Shevchuk in Finnish
DDT frontman Yury Shevchuk goes to Finland with a concert, a rap and a new book. DDT’s upcoming concert in Helsinki will be more intimate than usual, with Shevchuk reciting poetry between the songs.
Published: April 10, 2013 (Issue # 1754)
Yury Shevchuk, the singer and songwriter with arguably Russia’s leading rock band DDT, is becoming more of a household name in Finland, as his songs and poetry will be published in Finnish to coincide with his band’s concert in Helsinki later this month.
The collection – “Every Spring I Die” (Joka kevät minä kuolen) – is named after a quote from Shevchuk’s song “Tenderness” (Nezhnost) from DDT’s most recent album “Otherwise” (Inache). “Every spring I die, from the strict fasting,” it goes.
Translated by Finnish author Tomi Huttunen, the book is based on Shevchuk’s Russian collection of lyrics and poetry called “Solo” (Solnik), which was published by Novaya Gazeta in 2009, but more recent material – mainly selected lyrics from “Otherwise” – has been added.
The work is a follow-up to a book about St. Petersburg rock music that Huttunen published last year.
Called “Pietari on Rock” (a pun that can be roughly translated as “St. Petersburg Means Rock”), the book was furnished with an appendix of selected Russian rock lyrics both in Russian and Finnish, including those by Shevchuk.
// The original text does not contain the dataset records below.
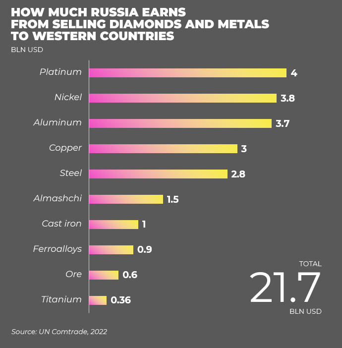 Russia earned US$20 billion from exports of metals and diamonds to Western countries in 2022 alone - and the aggressor continues to generate revenue because these goods have not been banned.
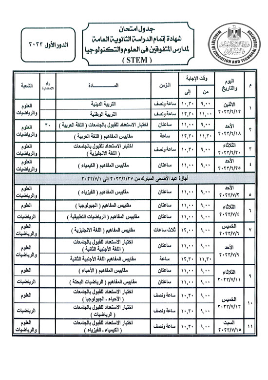 - الخميس 6 يوليو اللغة الأجنبية الأولى والأحد 9 يوليو 2023، الجيولوجيا والعلوم البيئية لطلاب شعبة علمى علوم والتفاضل والتكامل لطلاب شعبة علمى رياضة وعلم النفس والاجتماع لطلاب الشعبة الأدبية.
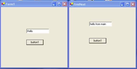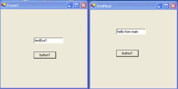 In the second form (called frmNext.cs) I made a public function to write something in the textBox1:
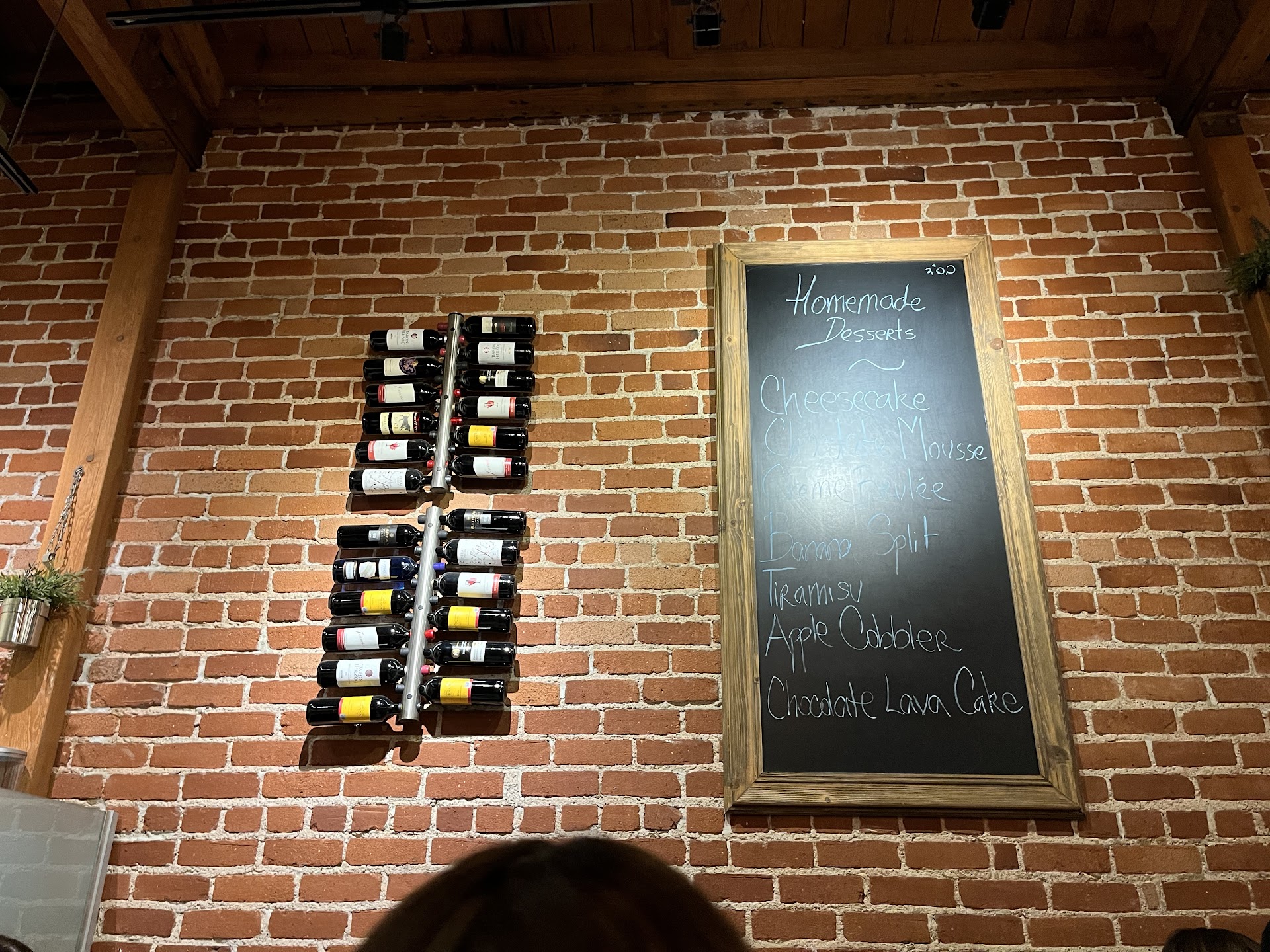Apps: Artichoke Dip, Nachos Soup: French Onion Soup Entree: Shitaki Rigatoni and any of the pizzas Wine: Ramon Cordova Rioja Dessert: Crème Boule or Chocolate Lava
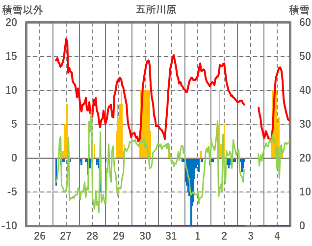| 日 | 時 | 気温 | 降水 | 風向/風速 | 日照 | 積雪 | 降雪 |
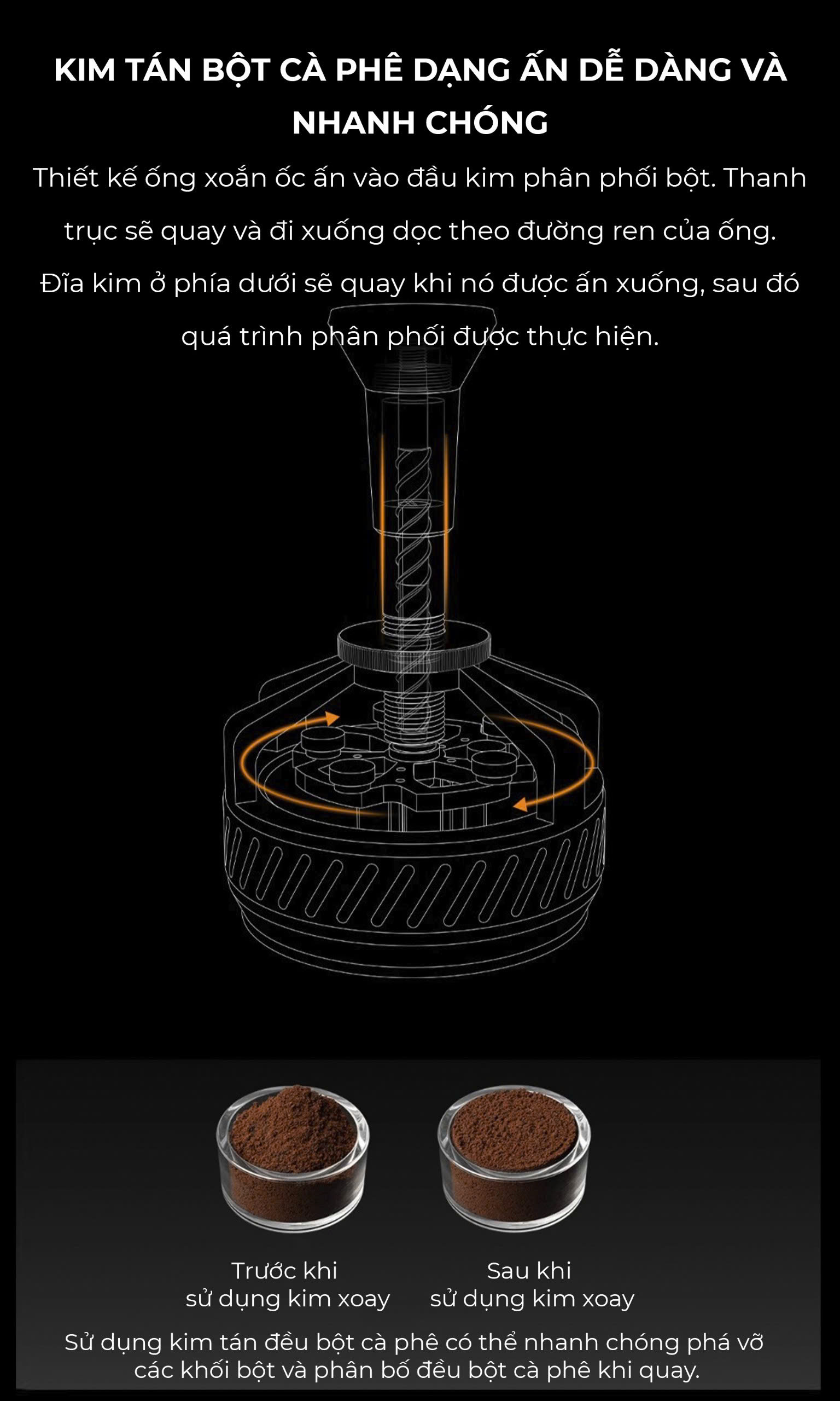 🔥 Feepie Kim Xoay Tán Đều Bột THOR với cơ chế xoắn ốc tự động xoay, giúp phá vỡ các khối bột, làm tơi và trải bột đồng đều trước khi nén, tối ưu hóa hương vị espresso!
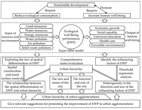The world is facing threats such as resource shortages, environmental pollution, ecological imbalance, climate change, and global poverty. How to coordinate the relationship between resource and environmental consumption, economic growth, and improvement of well-being within the ecological boundary has become a hotspot of global concern in recent years [1]. According to the United Nations Department of Economic and Social Affairs [2], urbanization will continue in more developed and less developed regions, with urban areas hosting 68% of the world’s population by 2050. Although global urbanization promotes economic prosperity and social progress, it has also brought severe ecological and environmental problems [3], such as ecological deterioration, environmental pollution, and excessive resource consumption, causing increasingly severe coercive effects and also far-reaching effects in regard to resources and the environment. This situation is challenging in urban agglomerations with high population density, as these factors restrict the improvement of human well-being and are unconducive to sustainable development [4]. In this context, the solution of how to coordinate the relationship between the economy, society, and the environment and improve people’s well-being has become the focus of governments, related organizations, and researchers. The United Nations 2030 Sustainable Development Goals (SDGs) propose to promote human well-being in poverty reduction, education, health, and social equity, as well as solve environmental problems in climate change, resource utilization, and terrestrial ecology [5]. These goals therefore aim to promote the sustainable development of the economy, society, the environment, and to improve human well-being [6]. Based on the SDGs, the United Nations Sustainable Development Solutions Network conducted a dynamic assessment on the sustainable development goals of European and American cities. Even the top cities in the index were still far from achieving sustainable development goals [7]. The 2022 Sustainability Report also showed that under the confluence of multiple international crises—such as COVID-19, climate change and the rise of regional conflicts—the progress of SDGs, which is a global goal, has stalled [8]. In its America 2050 strategic spatial plan, the United States formulated corresponding plans to deal with issues such as the energy crisis and global climate change, inefficient land resource use, and ecosystem pressure in mega metropolitan areas [9]. China has proposed a series of major national strategies, such as ecological civilization construction and high-quality development. The government of China wishes to further coordinate the relationship between economic development, ecological environment, and people’s well-being and, as a result, accelerate the transition from “economic well-being” to “ecological well-being”. These developments show that balancing the relationship between economic growth, ecological environment, and the improvement of well-being still requires further exploration. Sustainable development requires minimizing the impact on resources and the environment and maximizing human well-being [10,11,12], indicating a greater emphasis on improving ecological well-being performance (EWP). With the strengthening of mobility of economic resources, and other factors of production in regional urban networks, scattered cities have gradually evolved into highly integrated clusters of cities and urban agglomeration [13]. Urban hierarchy (UH) is based on the status and role of all cities in the urban system, and it also determines the scale and function type of the towns in the urban system to some extent [14]. Cities of different sizes in the urban agglomeration have formed a hierarchical structure with orderly scales and reasonable division of labor, which is an essential cornerstone for improving collective efficiency [15]. Improving the overall EWP of urban agglomerations, based on giving full play to the role of cities at all hierarchical levels and achieving sustainable development, is a practical problem facing China and other countries. Therefore, it is necessary to study the spatial differentiation of EWP according to the hierarchical characteristics of cities in urban agglomerations. It is also necessary to analyze the differences in the direction and extent of the influence that factor in EWP, against the backdrop of different hierarchy levels. In this way, different reference paths can be provided for cities at different levels to improve EWP.

Huttunen – the University of Helsinki’s acting professor of Russian literature, whose academic interests are focused on the early 20th-century Russian avant-garde – said the literature-centered St. Petersburg rock music of the 1980s had been his other longtime interest since the era of perestroika and the Russian rock revolution.
Unlike the bombastic “Otherwise” set that DDT took to Finland last year, the upcoming Helsinki concert will be DDT’s alternate set, “Solo.” Though it features DDT’s full band, it is more intimate and poetic, with Shevchuk reciting his poetry between the songs.
The collection will be out by the date of the concert, at which it will be available for a nominal price.
“Alongside [Akvarium’s Boris] Grebenshchikov, Shevchuk is one of the authors in Russian rock who should be seen as serious poets and whose work deserves to be published as literature,” Huttunen said.
“This is what happens to Finnish rock poets such as Tuomari Nurmio and Ismo Alanko, whose songs were published as poetry collections. So there is a certain parallel between Russian and Finnish rock poetry.
“On the other hand, Shevchuk can be understood by the Finnish reader; I think this is quality poetry, which is accessible in translation. He has both love poems and social poems that tell us about the pressing issues of today.